Medicine is a science of uncertainty and an art of probability.
The greater the ignorance the greater the dogmatism.
We can only instill principles, put the student in the right path, give him method, teach him how to study, and early to discern between essentials and non-essentials.
To have striven, to have made the effort, to have been true to certain ideals — this alone is worth the struggle.
The best preparation for tomorrow is to do today's work superbly well.

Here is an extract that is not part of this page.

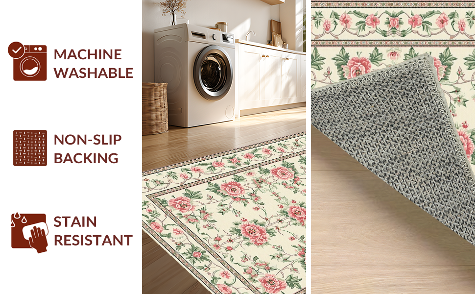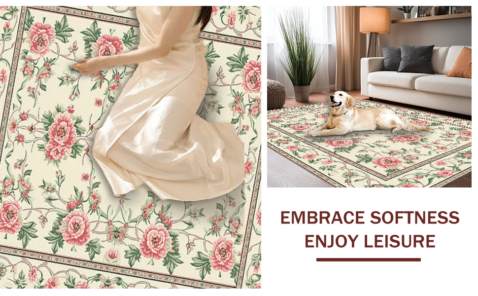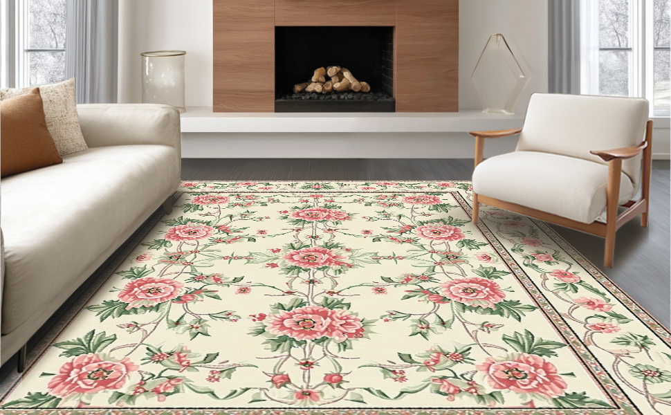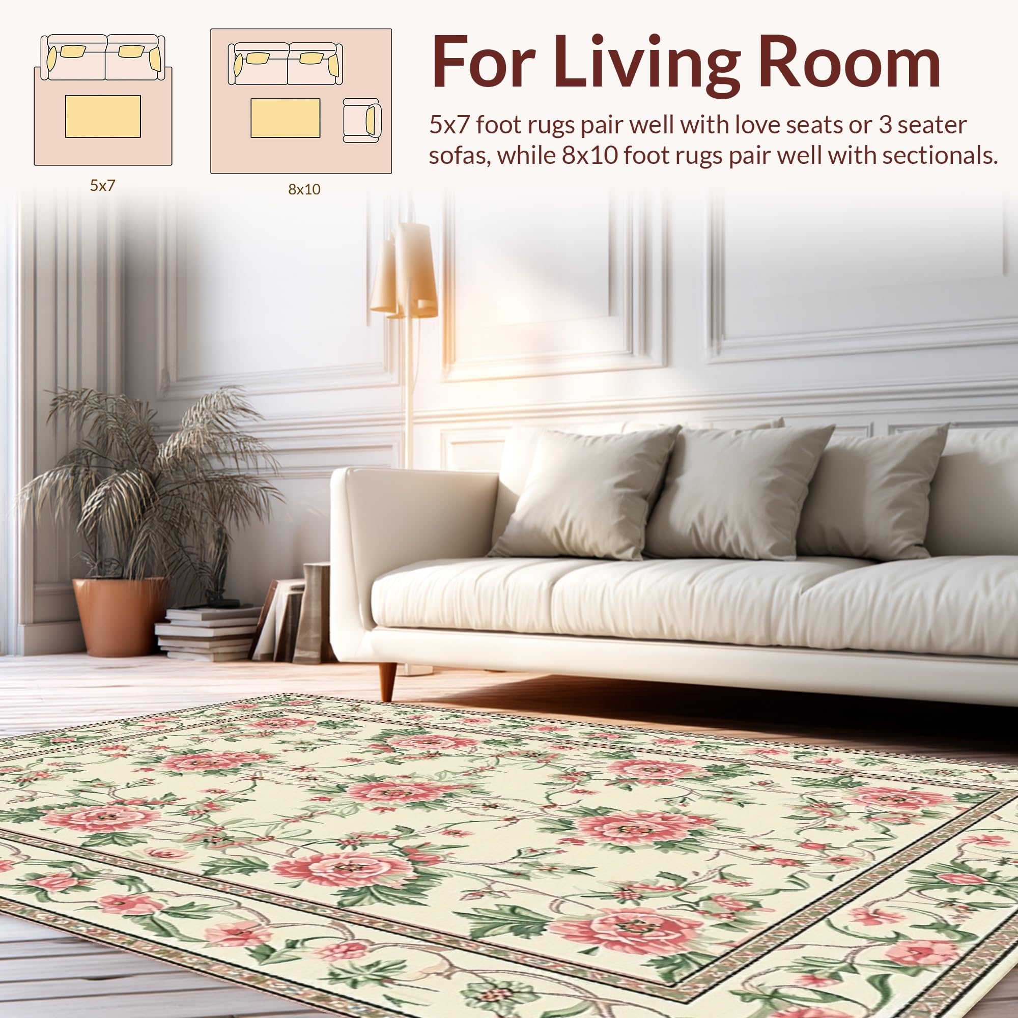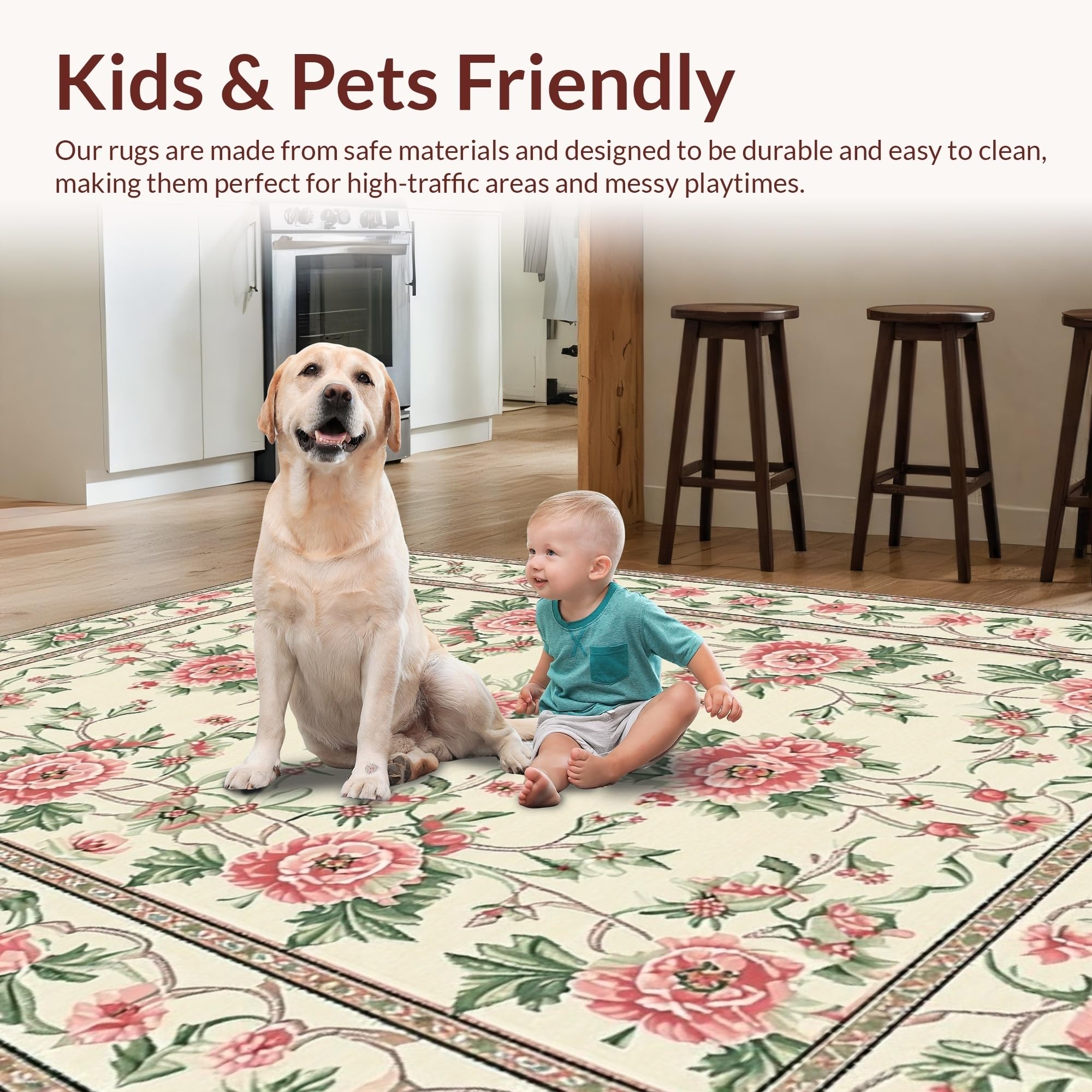 Ultra Soft Area Rug, Non Slip, Stain Resistant, Washable Area Rugs for Living Room, Bedroom, Whimsical Floral Tapestry Effect(Beige) Overview:

Though his philosophy finds nothing to support it, at least from the standpoint of Terence the scientific student should be ready to acknowledge the value of a belief in a hereafter as an asset in human life. In the presence of so many mysteries which have been unveiled, in the presence of so many yet unsolved, he cannot be dogmatic and deny the possibility of a future state; and however distressing such a negative attitude of mind to the Teresian, like Pyrrho, he will ask to be left, reserving his judgement, but still inquiring. He will recognize that amid the turbid ebb and flow of human misery, a belief in the resurrection of the dead and the life of the world to come is the rock of safety to which many of the noblest of his fellows have clung; he will gratefully accept the incalculable comfort of such a belief to those sorrowing for precious friends hid in death's dateless night; he will acknowledge with gratitude and reverence the service to humanity of the great souls who have departed this life in a sure and certain hope but this is all. Whether across death's threshold we step from life to life, or whether we go whence we shall not return, even to the land of darkness, as darkness itself, he cannot tell.
We may indeed be justly proud of our apostolic succession. Schools and systems have flourished and gone, schools which have swayed for generations the thought of our guild, and systems that have died before their founders; the philosophies of one age have become the absurdities of the next, and the foolishness of yesterday has become the wisdom of to-morrow; through long ages which were slowly learning what we are hurrying to forget — amid all the changes and chances of twenty-five centuries, the profession has never lacked men who have lived up to these Greek ideals.